当前位置：文江博客话题详情

从 URL 下载返回的 Zip 文件

发布于 2025-01-08 08:01:23 字数 81 浏览 1 评论 0原文

如果我有一个 URL，当在 Web 浏览器中提交时，会弹出一个对话框来保存 zip 文件，我将如何在 Python 中捕获并下载这个 zip 文件？

原文

分享到QQ

分享到微博

如果你对这篇内容有疑问，欢迎到本站社区发帖提问参与讨论，获取更多帮助，或者扫码二维码加入 Web 技术交流群。

发布评论

需要登录才能够评论，你可以免费注册一个本站的账号。

笑脸一如从前 2025-01-15 08:01:23

据我所知，在 Python 2 中执行此操作的正确方法是：

import requests, zipfile, StringIO
r = requests.get(zip_file_url, stream=True)
z = zipfile.ZipFile(StringIO.StringIO(r.content))
z.extractall()

当然，您需要使用 r.ok 检查 GET 是否成功。

对于 python 3+，将 StringIO 模块添加到 io 模块并使用 BytesIO 代替StringIO：这里是提及此更改的发行说明。

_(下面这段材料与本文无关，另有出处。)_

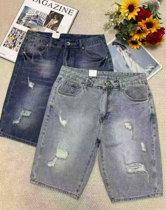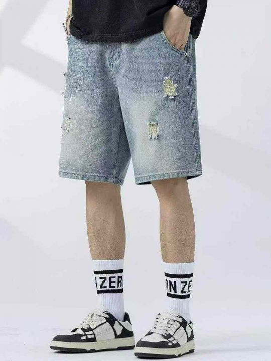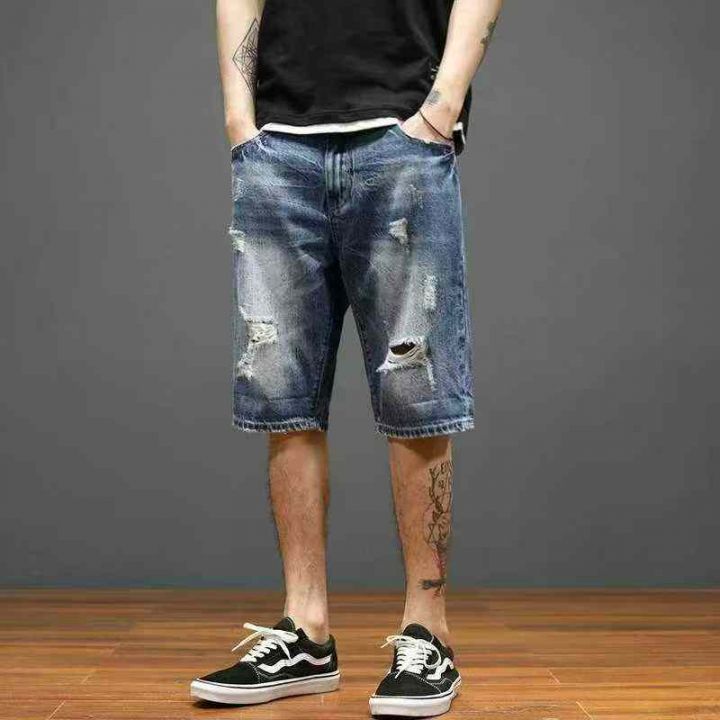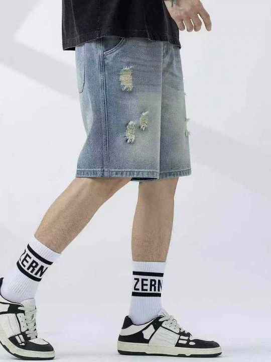 夏季新款高品质原单男士宽松设计款破洞牛仔短裤,独立...

import requests, zipfile, io
r = requests.get(zip_file_url)
z = zipfile.ZipFile(io.BytesIO(r.content))
z.extractall("/path/to/destination_directory")

As far as I can tell, the proper way to do this in Python 2 is:

import requests, zipfile, StringIO
r = requests.get(zip_file_url, stream=True)
z = zipfile.ZipFile(StringIO.StringIO(r.content))
z.extractall()

of course you'd want to check that the GET was successful with r.ok.

For python 3+, sub the StringIO module with the io module and use BytesIO instead of StringIO: Here are release notes that mention this change.

import requests, zipfile, io
r = requests.get(zip_file_url)
z = zipfile.ZipFile(io.BytesIO(r.content))
z.extractall("/path/to/destination_directory")

回复收藏 0 原文

南笙 2025-01-15 08:01:23

大多数人建议使用 requests（如果可用），并且 requests 文档建议使用此方法从网址下载和保存原始数据：

import requests 

def download_url(url, save_path, chunk_size=128):
    r = requests.get(url, stream=True)
    with open(save_path, 'wb') as fd:
        for chunk in r.iter_content(chunk_size=chunk_size):
            fd.write(chunk)

由于答案询问如何下载并保存 zip 文件，我还没有进入有关读取 zip 文件的详细信息。请参阅下面的众多答案之一以了解可能性。

如果由于某种原因您无法访问requests，您可以使用urllib.request。它可能不如上面的那么强大。

import urllib.request

def download_url(url, save_path):
    with urllib.request.urlopen(url) as dl_file:
        with open(save_path, 'wb') as out_file:
            out_file.write(dl_file.read())

最后，如果您仍在使用 Python 2，则可以使用 urllib2.urlopen。

from contextlib import closing

def download_url(url, save_path):
    with closing(urllib2.urlopen(url)) as dl_file:
        with open(save_path, 'wb') as out_file:
            out_file.write(dl_file.read())

Most people recommend using requests if it is available, and the requests documentation recommends this for downloading and saving raw data from a url:

import requests 

def download_url(url, save_path, chunk_size=128):
    r = requests.get(url, stream=True)
    with open(save_path, 'wb') as fd:
        for chunk in r.iter_content(chunk_size=chunk_size):
            fd.write(chunk)

Since the answer asks about downloading and saving the zip file, I haven't gone into details regarding reading the zip file. See one of the many answers below for possibilities.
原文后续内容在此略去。